LePage still has to go out and win the seat. It’s worth noting that he often looked unfocused — especially around abortion — during his failed run against Mills in 2022. However, that was on the Democratic-tilted statewide playing field. This race will be waged in pro-Trump territory, where he is literally and figuratively more comfortable.

Hannah Pingree

She has not been elected since 2008. She has never been elected outside of island communities around her hometown of North Haven. Yet the former House speaker who most recently led Mills’ policy office is favored by many in the Democratic establishment to eventually lock down the party’s gubernatorial nomination.

Pingree has a huge raft of endorsements. She led the money race at last glance. But there are four other major candidates to contend with, including Secretary of State Shenna Bellows and Nirav Shah, the state’s former top health official. They may be better known than Pingree right now, but they need to build up their campaigns quickly to match her long game.

Ben Midgley

Picking someone to watch in the large (and largely anonymous) Republican gubernatorial field requires projection. The Trump-copying Bobby Charles is the loudest. Entrepreneur Jonathan Bush is probably the richest. Both 2018 nominee Shawn Moody and well-connected lobbyist and former legislative leader Garrett Mason could join, but they aren’t in yet.

Midgley, a former fitness executive, is so unknown that he wasn’t even included in a recent poll. But he has the wealth to build up his campaign in the new year. He also is employing key LePage strategists, including the governor’s daughter, Lauren LePage, who have been a part of winning primaries before.

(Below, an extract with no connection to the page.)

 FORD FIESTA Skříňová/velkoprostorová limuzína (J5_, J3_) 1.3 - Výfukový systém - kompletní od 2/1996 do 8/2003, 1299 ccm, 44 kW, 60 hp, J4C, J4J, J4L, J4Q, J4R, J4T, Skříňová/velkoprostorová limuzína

This candidate is far different than LePage given his mild manners and a long history as a Democrat. But all of that could help him if he gets through to the November election. That’s far from a given in this fractured field, but Midgley is one of the few contenders with real upside.

State Sen. Rick Bennett

Maine gets independent governors when the parties screw up. It has always been hard to subsume large parts of at least one party’s electorate. It may be even harder now. Bennett, a former Maine Republican Party chair who cast an Electoral College vote for Trump in 2016, is on the one hand an unlikely choice to try to thread the needle.

Yet he has been a free agent since returning to the Maine Senate. He has criticized Central Maine Power Co., pushed campaign finance reform and voted this spring with Democrats on high-profile bills on immigration and transgender athletes. He clearly sees some space on the left, but there are Republicans who see him as a weapon for their side in the general election.

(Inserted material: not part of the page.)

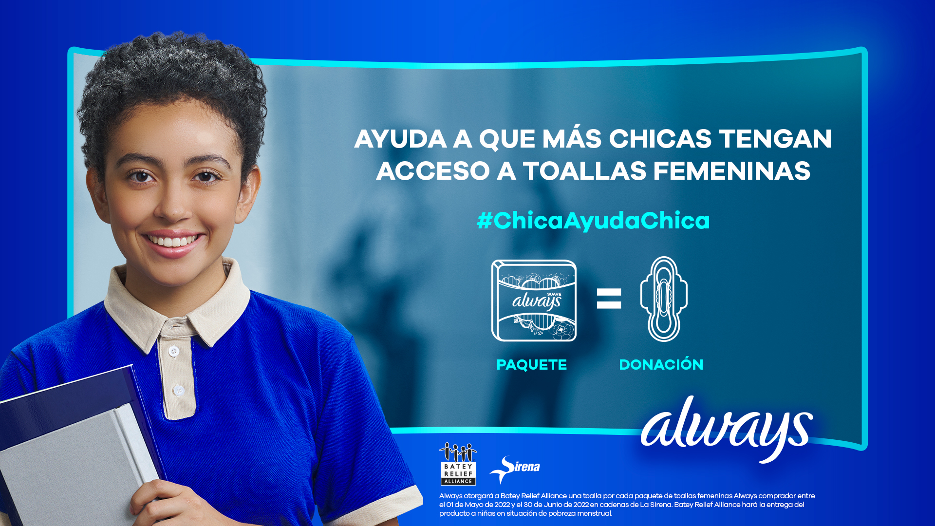 Para que algo tan natural como la menstruación no se interponga en el camino de la educación, Always suma esfuerzos con Batey Relief Alliance, continuando su compromiso de más de 35 años por defender la confianza de las niñas con la campaña #ChicaAyudaChica. Ésta tiene el objetivo de visibilizar el problema, generar conversación y ayudar, a través de la donación de un estimado de 20 mil toallas femeninas, a comunidades de escasos recursos en el país.

Washington County Commissioner David Burns

This low-key Republican probably never expected to be on a list like this almost a decade after leaving the Legislature. Burns is now in the unenviable position of steering his county through an inherited and yearslong fiscal crisis that is necessitating both a tax increase and budget cuts.

The retired state trooper who championed naming parts of highways for fallen officers while in Augusta is certainly no “defund the police” politician. But he faced criticism from Sheriff Barry Curtis for floating a plan that cut law enforcement more deeply than a competing blueprint.

Down East Maine is now the canary in the coal mine for growing issues in county governments across the state, and Burns’ work will show how voters ultimately respond to painful if necessary contingency plans.

State Rep. Deqa Dhalac

Dhalac, one of Maine’s first two Somali-American lawmakers, once worked for an immigrant health care provider that the state stopped paying last week over possible interpreter fraud. She said she had no involvement in billing, but Republicans have focused on Dhalac, calling for the South Portland Democrat to lose her seat on the budget committee.

The fraud allegations in Maine come on the heels of a federal welfare fraud prosecution that was allegedly orchestrated by people in the Somali community in Minnesota. After that, Trump called those immigrants “garbage” that he does not want in the country. It echoed a 2016 speech he made in Maine that painted a dark picture of the state’s Somali community.

The alleged fraud issues and Dhalac’s unique place in Maine politics may be separate, but they are both examples of the growing political power of Somali-Americans in parts of the country.